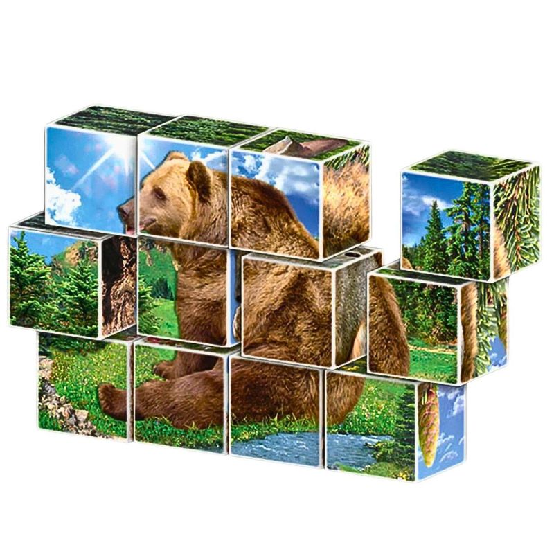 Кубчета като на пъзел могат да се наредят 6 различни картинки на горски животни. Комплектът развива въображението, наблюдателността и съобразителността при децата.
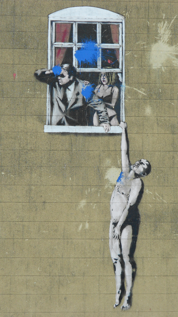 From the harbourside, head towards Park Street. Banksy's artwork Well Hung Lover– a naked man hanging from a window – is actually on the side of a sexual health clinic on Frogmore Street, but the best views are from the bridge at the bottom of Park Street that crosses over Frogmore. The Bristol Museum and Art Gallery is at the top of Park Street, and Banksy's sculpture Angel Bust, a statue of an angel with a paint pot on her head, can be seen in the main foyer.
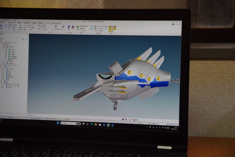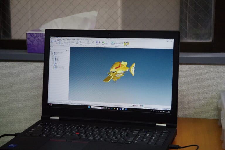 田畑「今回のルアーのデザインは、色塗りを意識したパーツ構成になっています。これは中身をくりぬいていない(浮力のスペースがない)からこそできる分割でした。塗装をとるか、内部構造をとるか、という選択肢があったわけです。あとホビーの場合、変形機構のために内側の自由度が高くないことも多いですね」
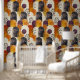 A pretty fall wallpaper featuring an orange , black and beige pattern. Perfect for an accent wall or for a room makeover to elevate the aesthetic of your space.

▬▬▬▬▬▬▬▬▬▬

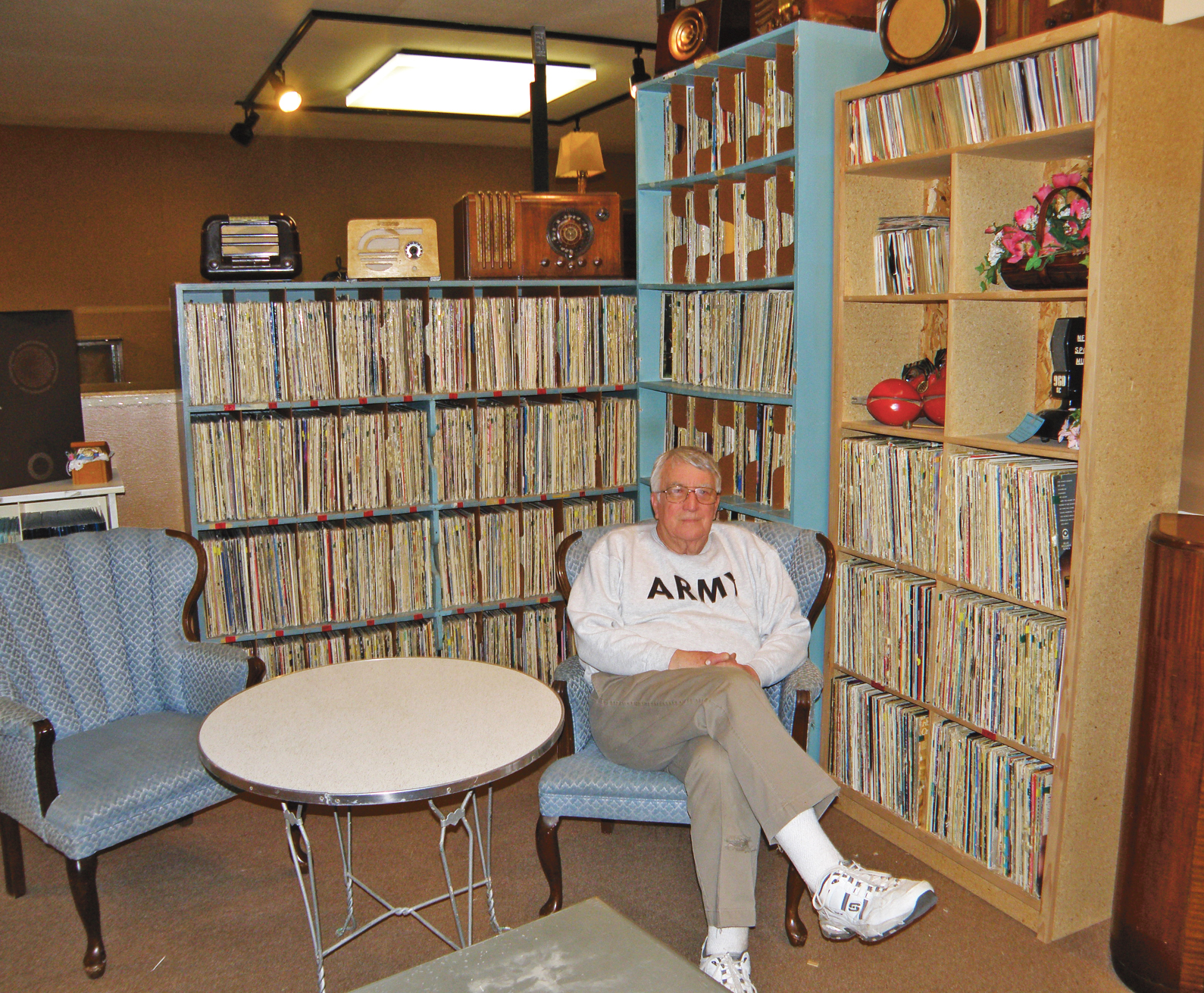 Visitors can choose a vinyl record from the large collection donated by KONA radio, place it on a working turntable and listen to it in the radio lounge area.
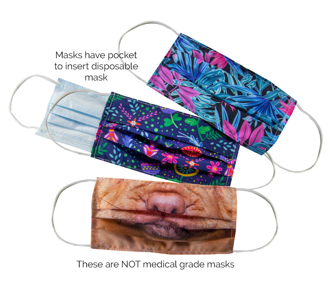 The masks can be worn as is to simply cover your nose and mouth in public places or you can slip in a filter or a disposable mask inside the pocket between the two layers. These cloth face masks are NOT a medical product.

▬▬▬▬▬▬▬▬▬▬

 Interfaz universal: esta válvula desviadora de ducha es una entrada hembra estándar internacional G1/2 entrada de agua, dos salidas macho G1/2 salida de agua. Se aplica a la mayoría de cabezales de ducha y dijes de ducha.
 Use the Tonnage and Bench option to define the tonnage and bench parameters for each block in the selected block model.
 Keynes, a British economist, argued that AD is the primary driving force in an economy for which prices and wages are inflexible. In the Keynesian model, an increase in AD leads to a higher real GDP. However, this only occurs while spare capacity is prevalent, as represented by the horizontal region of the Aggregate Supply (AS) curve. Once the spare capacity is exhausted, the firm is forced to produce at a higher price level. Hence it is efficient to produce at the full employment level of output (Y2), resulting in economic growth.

▬▬▬▬▬▬▬▬▬▬

• **WORK TO COMPLETE**: In the material above, which lines fall between the one holding "田畑「今回のルアーのデザイン" and the one holding "A pretty fall", inclusive? Print exactly those, with the pictures left out.

• **OUTPUT FOR THIS TASK**:
 田畑「今回のルアーのデザインは、色塗りを意識したパーツ構成になっています。これは中身をくりぬいていない(浮力のスペースがない)からこそできる分割でした。塗装をとるか、内部構造をとるか、という選択肢があったわけです。あとホビーの場合、変形機構のために内側の自由度が高くないことも多いですね」
 A pretty fall wallpaper featuring an orange , black and beige pattern. Perfect for an accent wall or for a room makeover to elevate the aesthetic of your space.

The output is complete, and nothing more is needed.